* _Records provided_:
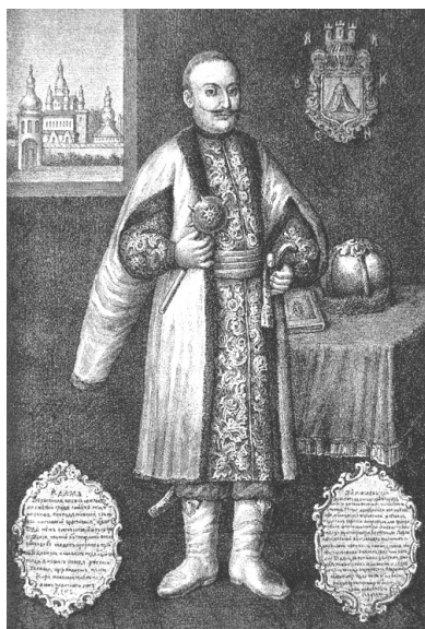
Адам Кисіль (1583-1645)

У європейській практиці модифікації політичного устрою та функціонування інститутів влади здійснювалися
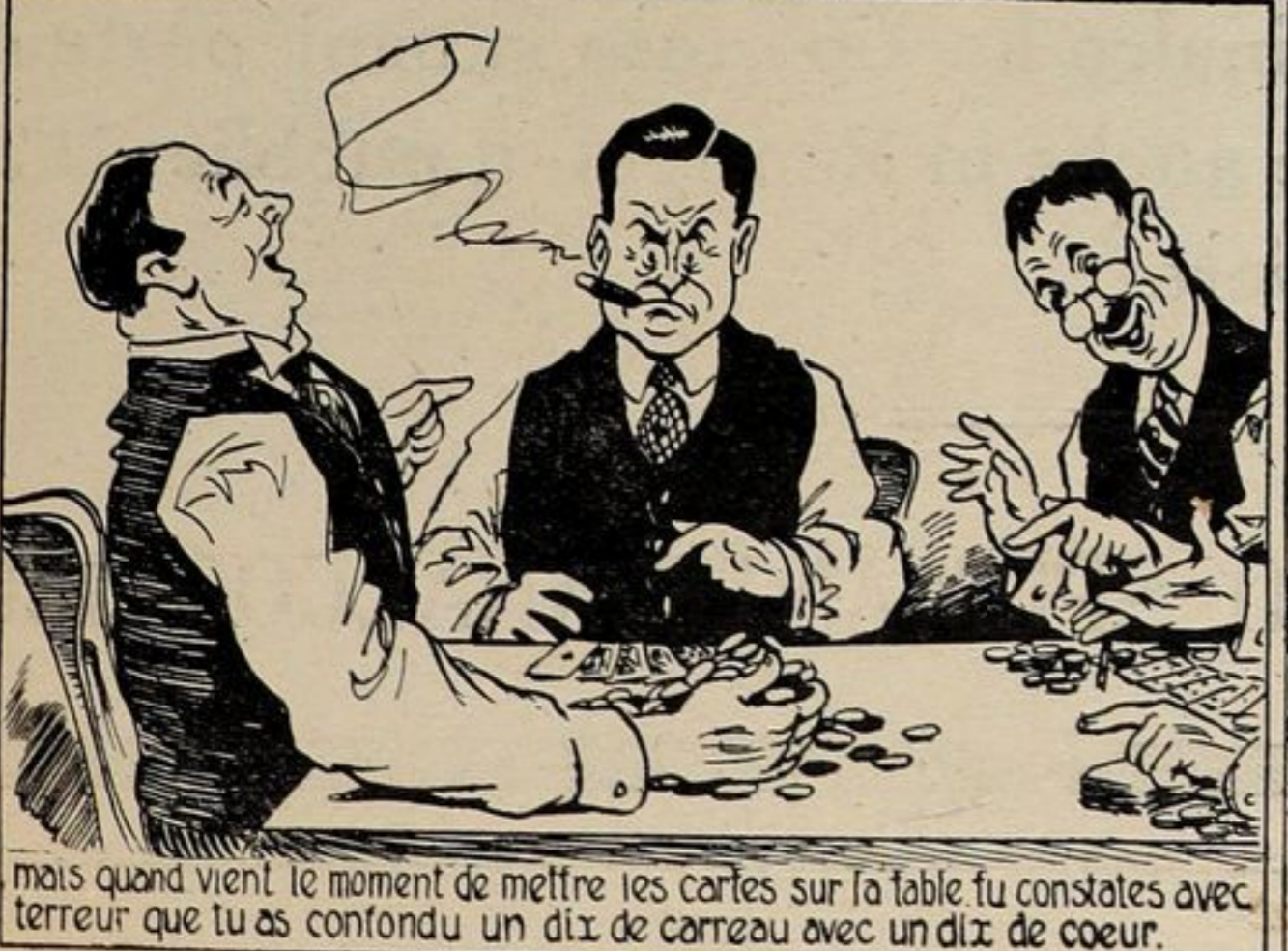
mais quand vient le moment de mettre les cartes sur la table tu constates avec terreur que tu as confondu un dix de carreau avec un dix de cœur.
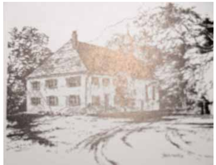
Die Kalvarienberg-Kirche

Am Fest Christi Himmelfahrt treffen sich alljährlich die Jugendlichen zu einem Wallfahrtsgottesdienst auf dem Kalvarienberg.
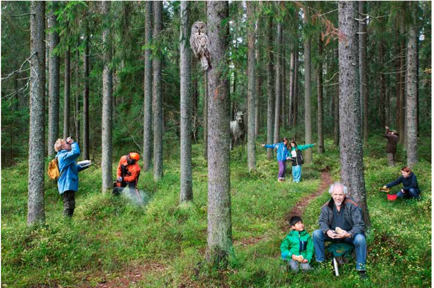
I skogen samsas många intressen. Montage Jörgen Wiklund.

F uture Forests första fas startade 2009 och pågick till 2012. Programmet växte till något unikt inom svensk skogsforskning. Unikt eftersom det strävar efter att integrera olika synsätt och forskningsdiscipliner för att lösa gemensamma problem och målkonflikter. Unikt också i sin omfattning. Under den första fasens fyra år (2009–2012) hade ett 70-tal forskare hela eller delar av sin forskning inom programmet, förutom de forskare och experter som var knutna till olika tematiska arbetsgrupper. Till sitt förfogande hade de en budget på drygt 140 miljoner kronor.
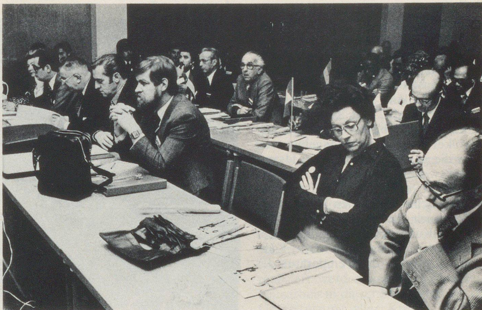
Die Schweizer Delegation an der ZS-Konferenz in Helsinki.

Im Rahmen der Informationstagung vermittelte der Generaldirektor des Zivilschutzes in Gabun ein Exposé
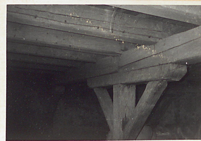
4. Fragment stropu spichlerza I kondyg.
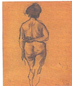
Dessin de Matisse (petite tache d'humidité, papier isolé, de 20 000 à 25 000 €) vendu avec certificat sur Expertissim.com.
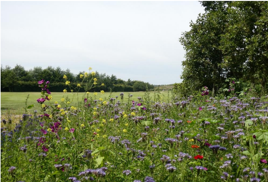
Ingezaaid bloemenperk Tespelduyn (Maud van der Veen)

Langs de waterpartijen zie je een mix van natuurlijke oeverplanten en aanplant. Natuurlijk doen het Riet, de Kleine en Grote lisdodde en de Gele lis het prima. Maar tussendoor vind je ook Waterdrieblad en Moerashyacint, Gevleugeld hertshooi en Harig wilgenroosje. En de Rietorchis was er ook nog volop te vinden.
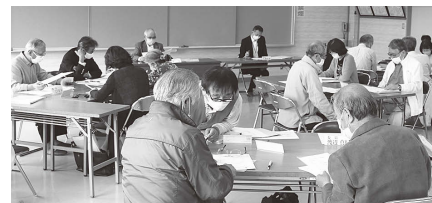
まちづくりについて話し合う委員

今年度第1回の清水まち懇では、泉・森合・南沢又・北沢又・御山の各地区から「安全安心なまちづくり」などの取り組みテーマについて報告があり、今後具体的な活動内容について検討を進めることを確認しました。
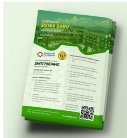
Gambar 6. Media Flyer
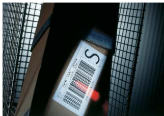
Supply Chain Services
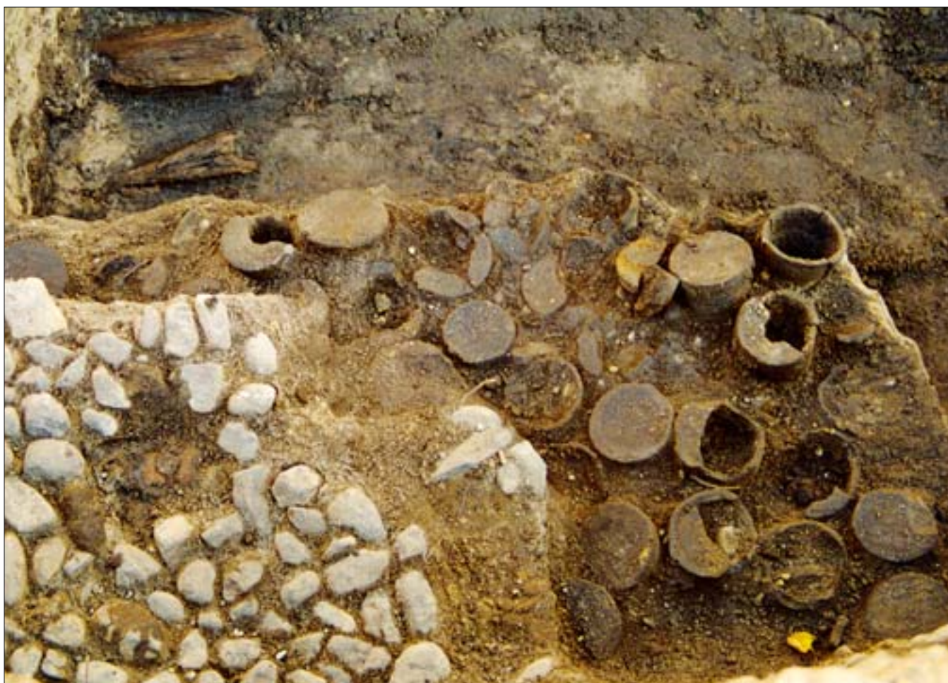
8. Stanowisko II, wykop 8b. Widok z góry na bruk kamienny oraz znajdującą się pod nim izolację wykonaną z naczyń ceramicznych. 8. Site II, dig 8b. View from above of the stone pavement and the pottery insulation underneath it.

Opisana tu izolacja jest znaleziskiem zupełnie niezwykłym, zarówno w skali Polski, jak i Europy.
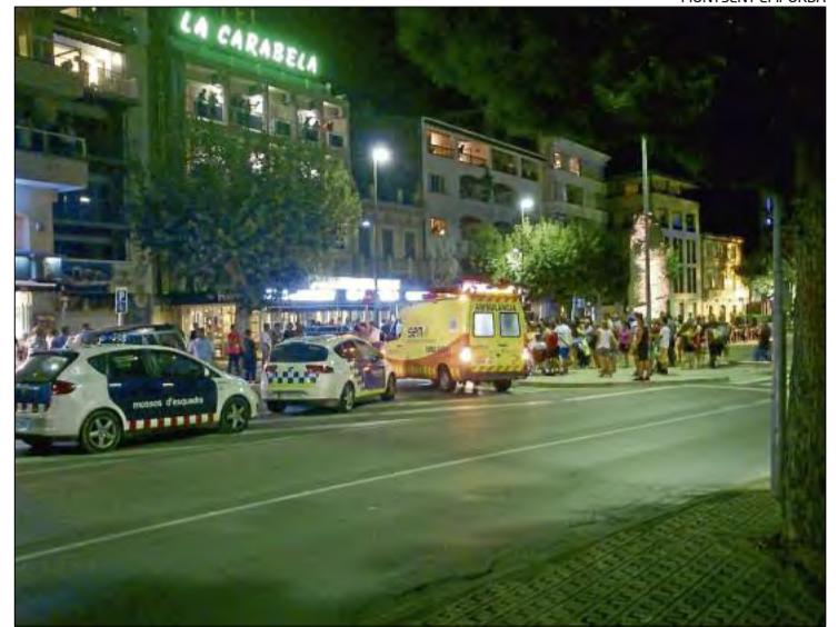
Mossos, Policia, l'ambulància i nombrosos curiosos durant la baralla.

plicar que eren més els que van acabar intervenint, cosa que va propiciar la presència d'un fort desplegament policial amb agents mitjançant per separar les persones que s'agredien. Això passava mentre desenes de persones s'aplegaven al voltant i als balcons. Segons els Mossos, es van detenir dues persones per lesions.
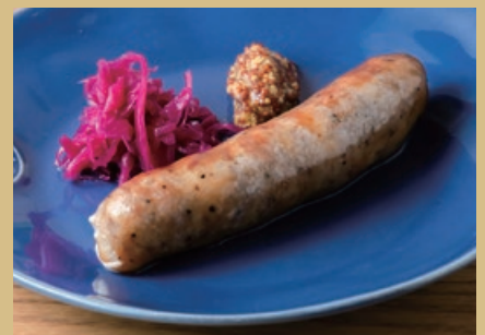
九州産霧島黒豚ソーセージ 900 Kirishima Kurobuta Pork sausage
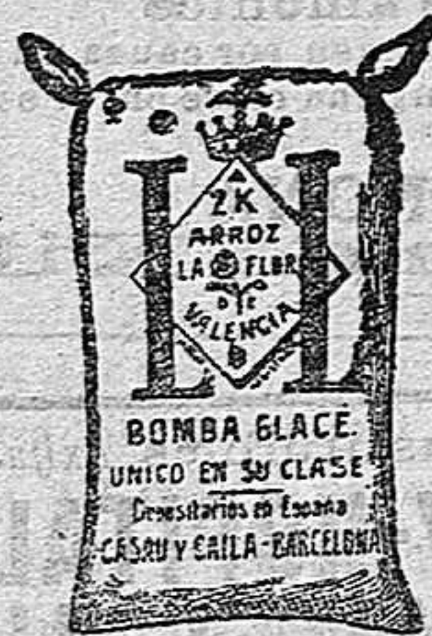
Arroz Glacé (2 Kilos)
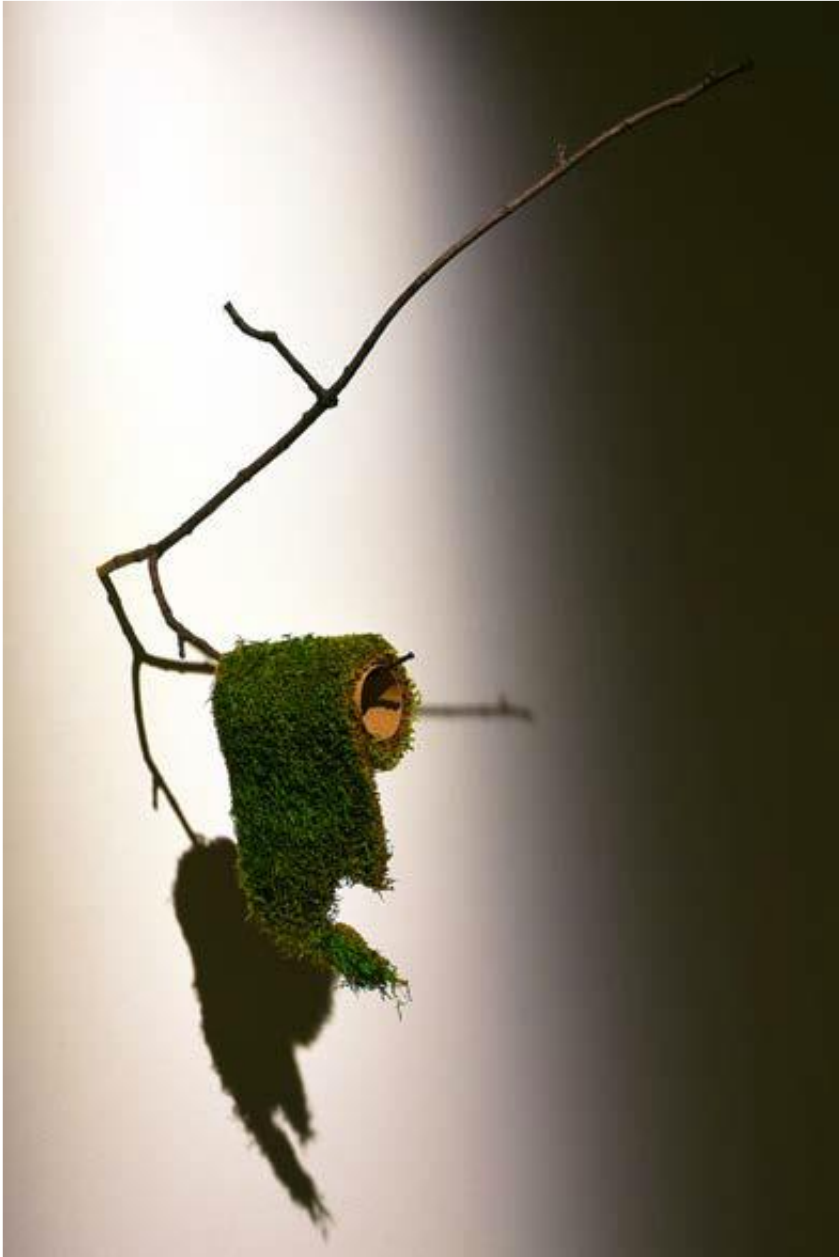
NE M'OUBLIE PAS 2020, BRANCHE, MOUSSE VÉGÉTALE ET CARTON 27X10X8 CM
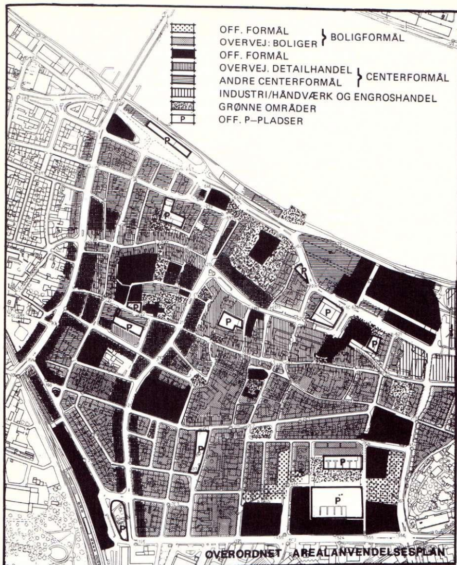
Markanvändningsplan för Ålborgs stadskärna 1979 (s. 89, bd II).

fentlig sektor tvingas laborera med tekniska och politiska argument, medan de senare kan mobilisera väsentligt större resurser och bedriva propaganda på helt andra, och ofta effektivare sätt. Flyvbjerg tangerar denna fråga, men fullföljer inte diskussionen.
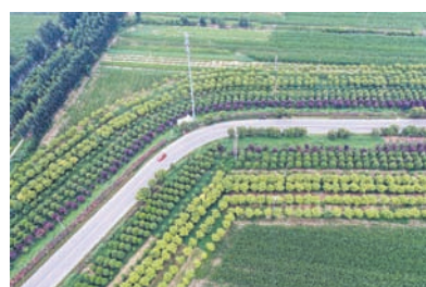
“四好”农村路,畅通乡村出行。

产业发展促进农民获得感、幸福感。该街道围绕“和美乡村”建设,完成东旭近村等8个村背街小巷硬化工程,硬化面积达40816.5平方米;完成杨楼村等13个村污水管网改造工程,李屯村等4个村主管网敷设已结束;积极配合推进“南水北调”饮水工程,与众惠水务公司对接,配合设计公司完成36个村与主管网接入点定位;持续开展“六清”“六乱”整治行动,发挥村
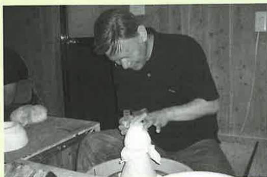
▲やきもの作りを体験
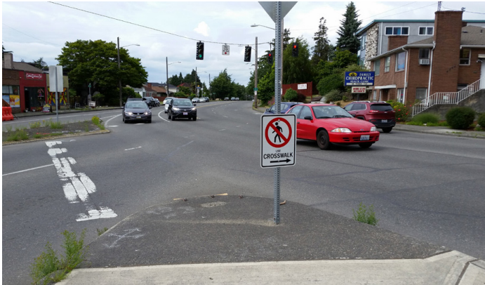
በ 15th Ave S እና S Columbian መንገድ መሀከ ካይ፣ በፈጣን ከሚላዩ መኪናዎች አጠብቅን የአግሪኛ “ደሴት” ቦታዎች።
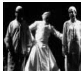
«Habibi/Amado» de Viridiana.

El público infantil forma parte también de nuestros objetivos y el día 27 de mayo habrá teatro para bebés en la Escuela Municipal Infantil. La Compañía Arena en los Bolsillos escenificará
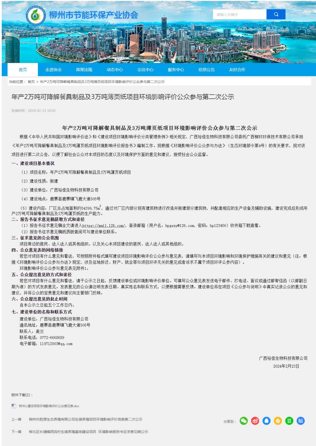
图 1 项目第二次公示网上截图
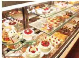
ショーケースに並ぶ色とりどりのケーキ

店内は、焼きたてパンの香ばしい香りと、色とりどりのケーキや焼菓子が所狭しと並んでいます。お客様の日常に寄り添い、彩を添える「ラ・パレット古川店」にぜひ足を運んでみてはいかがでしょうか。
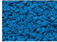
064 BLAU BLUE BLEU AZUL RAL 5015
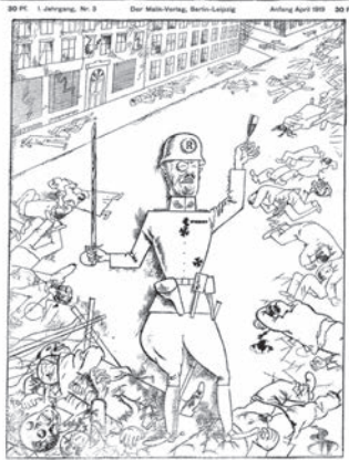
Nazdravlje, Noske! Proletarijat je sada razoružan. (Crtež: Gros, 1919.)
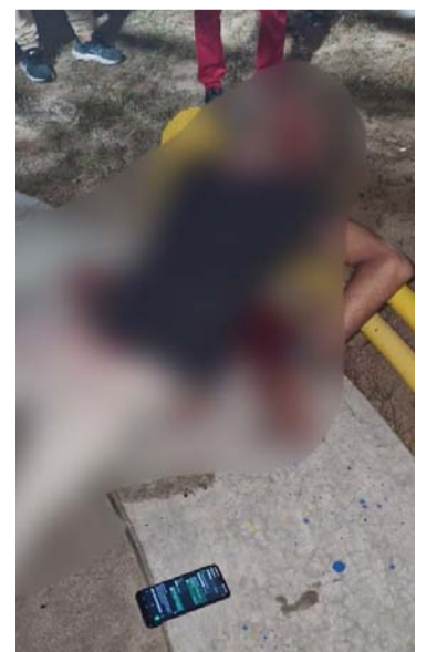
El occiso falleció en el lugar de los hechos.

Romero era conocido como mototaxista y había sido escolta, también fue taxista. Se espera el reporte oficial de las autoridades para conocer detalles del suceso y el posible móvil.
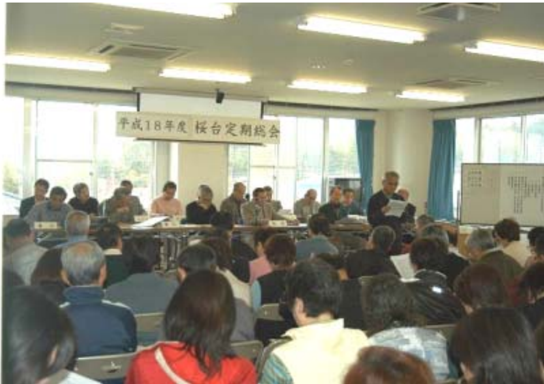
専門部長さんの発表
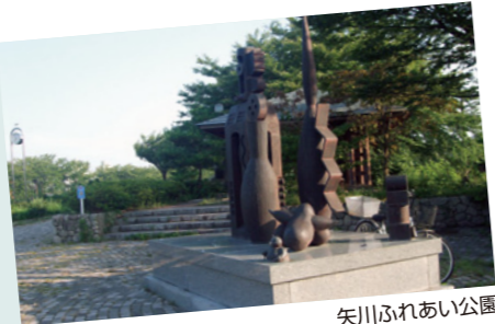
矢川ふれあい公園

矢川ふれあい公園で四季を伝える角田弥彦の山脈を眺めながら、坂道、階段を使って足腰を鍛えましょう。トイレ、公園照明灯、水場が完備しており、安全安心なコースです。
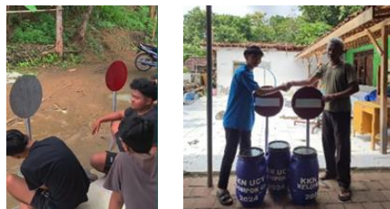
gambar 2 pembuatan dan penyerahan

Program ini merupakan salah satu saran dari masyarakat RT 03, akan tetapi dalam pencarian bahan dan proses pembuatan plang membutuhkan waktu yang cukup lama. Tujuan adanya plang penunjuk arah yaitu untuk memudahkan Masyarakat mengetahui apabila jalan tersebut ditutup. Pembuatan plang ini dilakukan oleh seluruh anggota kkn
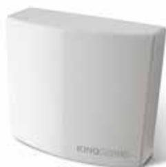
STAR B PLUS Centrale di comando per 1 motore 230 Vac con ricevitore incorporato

* _What is needed_: Look through the entries above for the word "avec". Copy every line where it shows up.

* _Finished exercise_:
mais quand vient le moment de mettre les cartes sur la table tu constates avec terreur que tu as confondu un dix de carreau avec un dix de cœur.
Dessin de Matisse (petite tache d'humidité, papier isolé, de 20 000 à 25 000 €) vendu avec certificat sur Expertissim.com.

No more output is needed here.